每一个 gRPC 客户端连接均有一个自己的队列,gRPC 并没有直接限定队列大小,所以如果不加任何限制则会内存暴涨,直到 OOM 发生。
- 生产者:发起调用的客户端*
message HelloReq { // 请求
string text = 1;
}
message HelloRes { // 响应
string text = 1;
}
service HelloService {
rpc Hello(HelloReq) returns (HelloRes) {}
}
grpcClient := grpc.Dial(endpoint, opts)
helloClient := NewHelloServiceClient(grpcClient)
// Hello 调用为生产源头
res, err := helloClient.Hello(ctx, &req)
// Hello 的实现,为 protoc 编译生成的代码
func (c *helloServiceClient) Hello(ctx context.Context, in *HelloReq, opts ...grpc.CallOption) (*HelloRes, error) {
out := new(HelloRes)
err := c.cc.Invoke(ctx, "/main.HelloService/Hello", in, out, opts...)
if err != nil {
return nil, err
}
return out, nil
}
// 源码所在文件:google.golang.org/grpc/call.go
func (cc *ClientConn) Invoke(ctx context.Context, method string, args, reply interface{}, opts ...CallOption) error {
// allow interceptor to see all applicable call options, which means those
// configured as defaults from dial option as well as per-call options
opts = combine(cc.dopts.callOptions, opts)

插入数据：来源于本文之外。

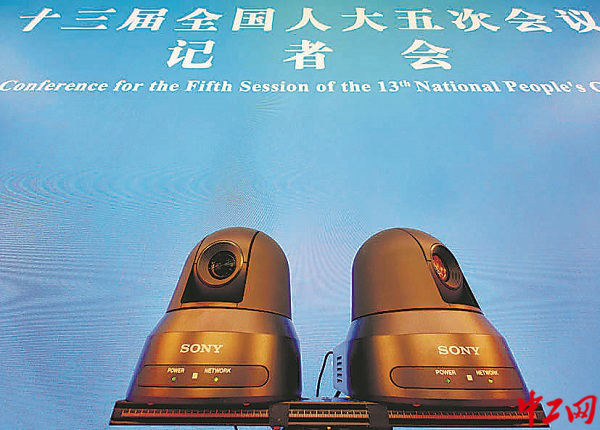 位于梅地亚新闻中心的高清摄像头和高清LED屏,可以连接北京人民大会堂主会场。本报记者 杨登峰 摄

if cc.dopts.unaryInt != nil {
return cc.dopts.unaryInt(ctx, method, args, reply, cc, invoke, opts...)
}
// 转调用私有的 invoke 函数
return invoke(ctx, method, args, reply, cc, opts...)
}
// 源码所在文件:google.golang.org/grpc/call.go
func invoke(ctx context.Context, method string, req, reply interface{}, cc *ClientConn, opts ...CallOption) error {
// newClientStream 间接往队列中生产消息
// pprof 显示 newClientStream 调用的 withRetry 占用内存大头
cs, err := newClientStream(ctx, unaryStreamDesc, cc, method, opts...)
if err != nil {
return err
}
if err := cs.SendMsg(req); err != nil {
return err
}
return cs.RecvMsg(reply)
}
// 源码所在文件:google.golang.org/grpc/stream.go
// 设置断点:(dlv) b clientStream.SendMsg
func (cs *clientStream) SendMsg(m interface{}) (err error) {
}
// 源码所在文件:google.golang.org/grpc/stream.go
// pprof 显示 newClientStream 消耗太多内存,而这又发生在其调用的 withRetry 中
func newClientStream(ctx context.Context, desc *StreamDesc, cc *ClientConn, method string, opts ...CallOption) (_ ClientStream, err error) {
// 问题出在 newStream 分配的内存越来越多,
// 但并非严格的泄漏,只是不断积累,但压力下来后会缓慢释放。
// newStream 的实现是调用 NewStream:
// cs.callHdr.PreviousAttempts = cs.numRetries
// s, err := a.t.NewStream(cs.ctx, cs.callHdr)
// cs.attempt.s = s
// 这里 a 的类型为 csAttempt:
// implements a single transport stream attempt within a clientStream
op := func(a *csAttempt) error { return a.newStream() }
// 内存问题所在:withRetry,进一步内存发生在非直接调用的:NewStream
if err := cs.withRetry(op, func() { cs.bufferForRetryLocked(0, op) }); err != nil {
cs.finish(err)
return nil, err
}
}
// 源码所在文件:google.golang.org/grpc/stream.go
func (cs *clientStream) withRetry(op func(a *csAttempt) error, onSuccess func()) error {
for { // 循环,内存上涨,这儿并没有循环
// 调用 newStream,
// 这里间接往队列中生产消息。
err := op(a)
}
}
// 源码所在文件:google.golang.org/grpc/stream.go
func (a *csAttempt) newStream() error {
cs := a.cs
cs.callHdr.PreviousAttempts = cs.numRetries
// 下列的 t 类型为:transport.ClientTransport,
// 但注意 transport.ClientTransport 是一个 interface,并不是 struct。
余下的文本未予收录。